Foreign human-rights groups have noticed that many of the targets of prosecution are vulnerable types (like Pygmies, or even children), and nongovernmental organizations that exist to encourage the rule of law are embarrassed that the “law” in this case resembles the penal code of 17th-century Salem.
In response, the Central African parliament is considering striking the clause outlawing witchcraft from its books. The parliament is in Bangui, the capital, which sees far fewer witchcraft cases per capita. Even so, most lawyers I consulted there favored keeping the law intact, although they admitted that it fits uneasily in a modern legal system. “The problem is that in a witchcraft case, there is usually no evidence,” said Bartolomé Goroth, a lawyer in Bangui, who recently defended (unsuccessfully) a coven of Pygmies who had been accused of murder-by-witchcraft in Mbaiki. Goroth said the trials generally ended with an admission of guilt by an accused witch in exchange for a modest sentence. I asked how one determined guilt in cases where the alleged witches denied the charges. “The judge will look at them and see if they act like witches,” Goroth said, specifying that “acting like a witch” entailed behaving “strangely” or “nervously” in court. His principal advice to clients, he said, was to act normally and refrain from casting any spells in the courtroom.

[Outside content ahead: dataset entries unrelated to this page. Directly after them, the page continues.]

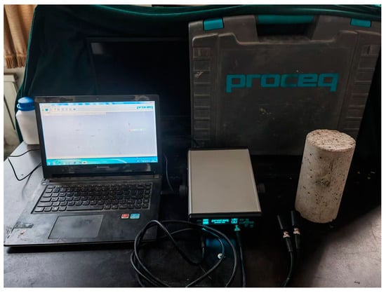 Ultrasonic waves propagate at different speeds through different matrices, allowing them to be used to detect damage within concrete. In this study, the Pundit Lab ultrasonic detector from Switzerland and located in Dalian, China, shown in Figure 3, is used to measure ultrasonic wave velocity, according to ASTM C597 [38]. The transmit and receive frequencies are set to 54 kHz, with a data acquisition period of 0.4 μs. The ultrasonic wave velocity inside the concrete cylinder specimens is measured both before and after the uniaxial compression test. The relationship between the ultrasonic wave velocity and the damage variables of each group of specimens under different stress levels is then analyzed.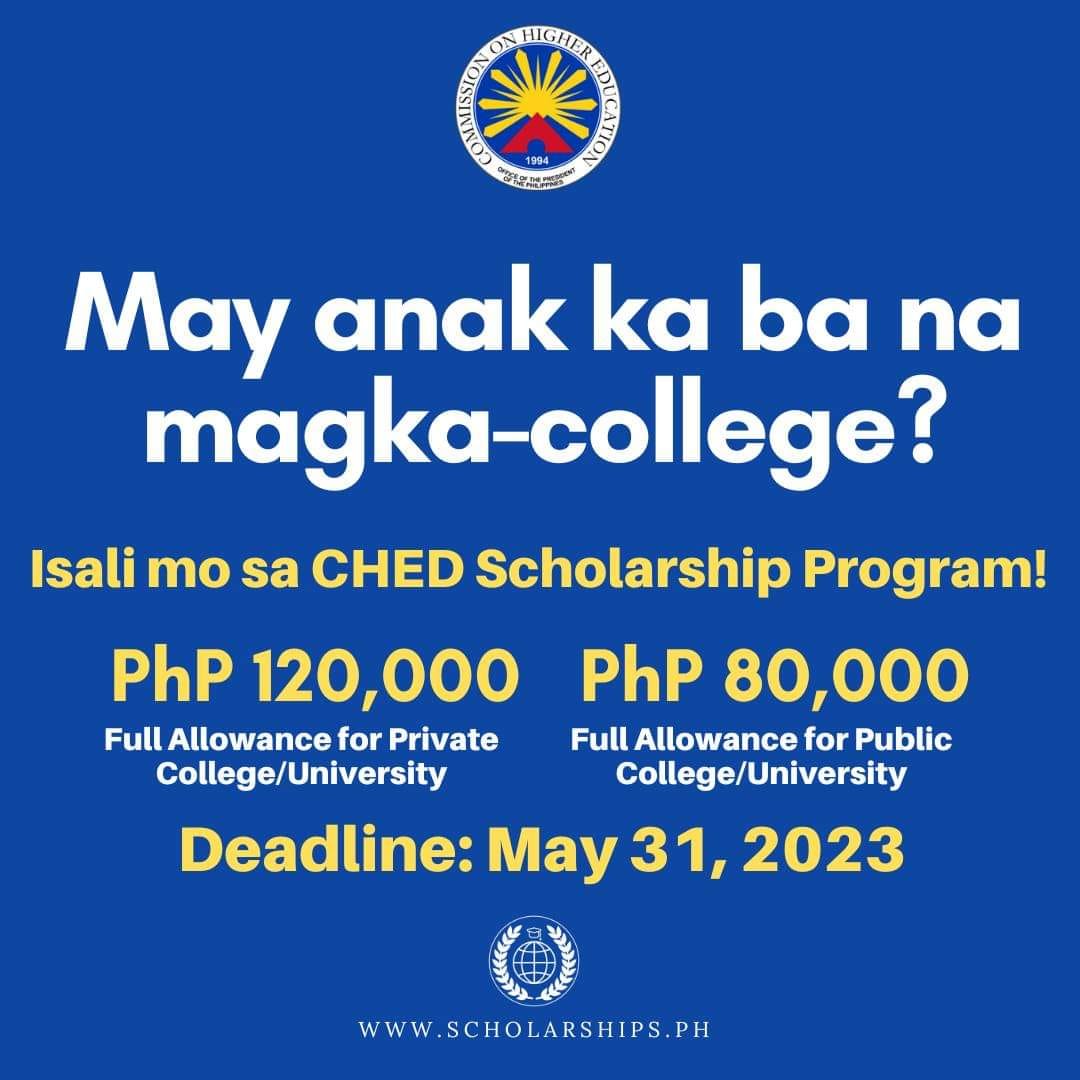 Here are the details for CHED Scholarship 2023:https://governmentph.com/ched-merit/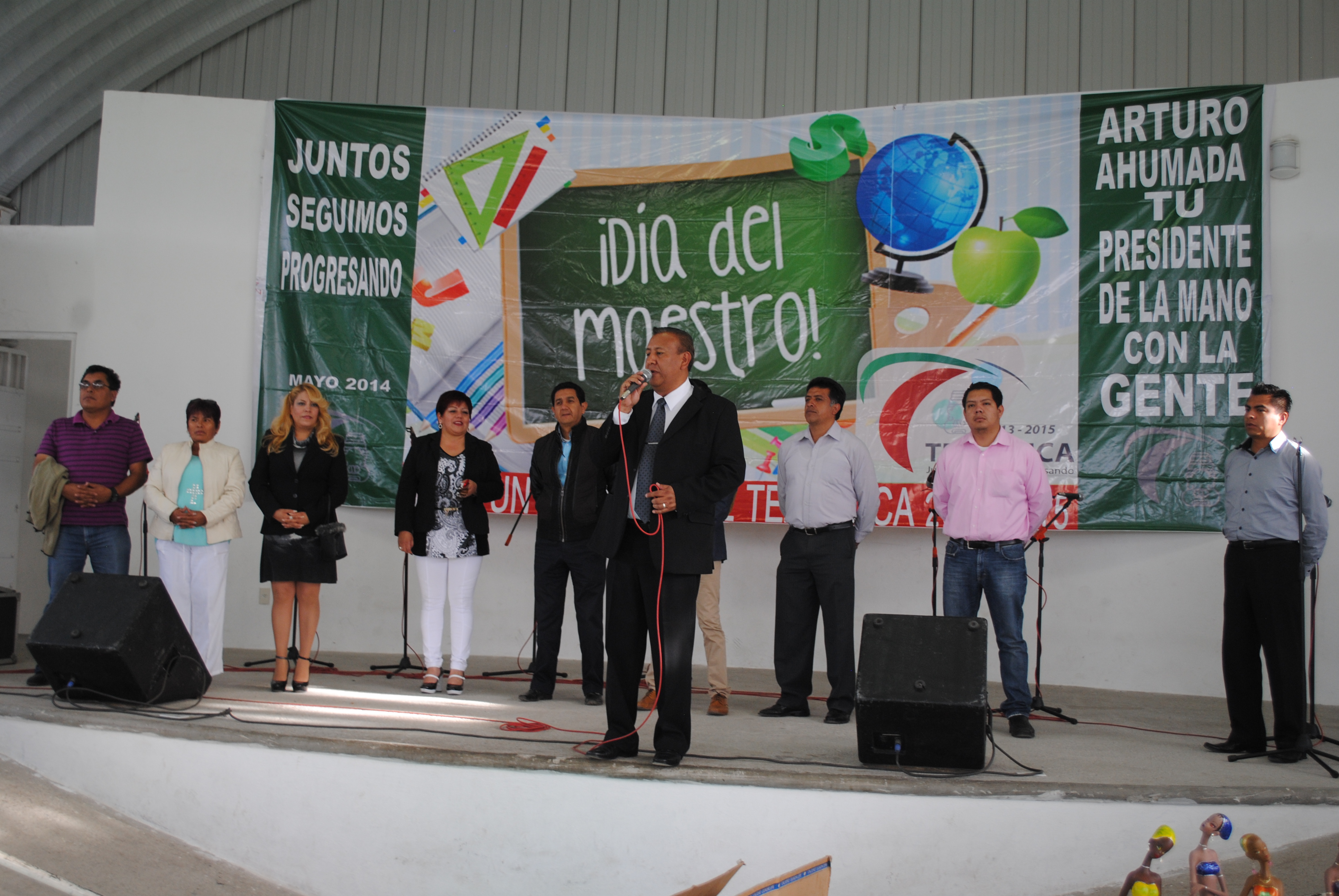 Arturo Ahumada Cruz, presidente municipal de Tezoyuca acompañado de su esposa Olivia Guerrero Morales, presidenta del DIF municipal junto con Demetrio Moreno Árcega, representante en la región del gobernador Eruviel Ávila Villegas, festejaron este inicio de semana a los maestros de la entidad en donde se cuenta con más de 30 instituciones educativas.

Goroth argued that the legal system could not ignore a social fact as firmly embedded as witchcraft is in the republic. And every other lawyer I met not only supported its criminalization, but seemed to believe in the reality of shape-shifting and killing with magic spells. More than one pointed to the elbow when referring to witchcraft, indicating the site in the body where sorcery is said to reside.

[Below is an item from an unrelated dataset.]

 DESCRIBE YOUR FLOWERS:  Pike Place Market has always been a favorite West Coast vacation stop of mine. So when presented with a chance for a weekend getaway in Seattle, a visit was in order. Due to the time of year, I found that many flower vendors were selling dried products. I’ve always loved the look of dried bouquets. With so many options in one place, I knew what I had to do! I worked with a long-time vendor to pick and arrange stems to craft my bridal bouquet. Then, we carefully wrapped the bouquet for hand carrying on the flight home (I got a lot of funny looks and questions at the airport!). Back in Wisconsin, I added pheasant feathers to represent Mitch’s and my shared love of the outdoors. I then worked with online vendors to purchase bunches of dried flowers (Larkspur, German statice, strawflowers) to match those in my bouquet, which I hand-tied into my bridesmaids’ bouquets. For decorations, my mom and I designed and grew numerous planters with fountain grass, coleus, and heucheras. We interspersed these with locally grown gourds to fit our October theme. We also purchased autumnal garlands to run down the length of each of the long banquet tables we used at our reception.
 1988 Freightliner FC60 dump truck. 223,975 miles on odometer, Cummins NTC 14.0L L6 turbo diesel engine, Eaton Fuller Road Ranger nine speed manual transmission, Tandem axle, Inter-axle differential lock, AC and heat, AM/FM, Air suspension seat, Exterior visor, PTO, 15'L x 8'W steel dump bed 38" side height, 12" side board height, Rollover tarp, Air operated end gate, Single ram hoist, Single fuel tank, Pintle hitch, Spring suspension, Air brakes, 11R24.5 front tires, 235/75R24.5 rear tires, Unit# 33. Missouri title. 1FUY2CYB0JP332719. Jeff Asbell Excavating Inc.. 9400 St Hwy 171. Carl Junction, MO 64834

I visited Mbaiki’s sole foreign nongovernmental organization, an Italian group called COOPI that exists to promote human rights and the rule of law. The two employees there were both educated Central Africans; the Italian running the office had gone home for a holiday, leaving them in the steaming office with her purring computer and a small stack of Italian books, a translation of The Celestine Prophecy on top.
They acknowledged that the rights of the accused are violated regularly in witchcraft prosecutions, because the charge carries enormous pressure to confess. But they, too, supported keeping the laws on the books, for pragmatic reasons: if people thought witches could hex with impunity, mobs would simply seize the alleged offenders, bring them to a pit, and bury them alive. One said, “If we do not apply laws against PCS, we will apply lex talionis.” That is, the rule of an eye for an eye, as preached in the Bible.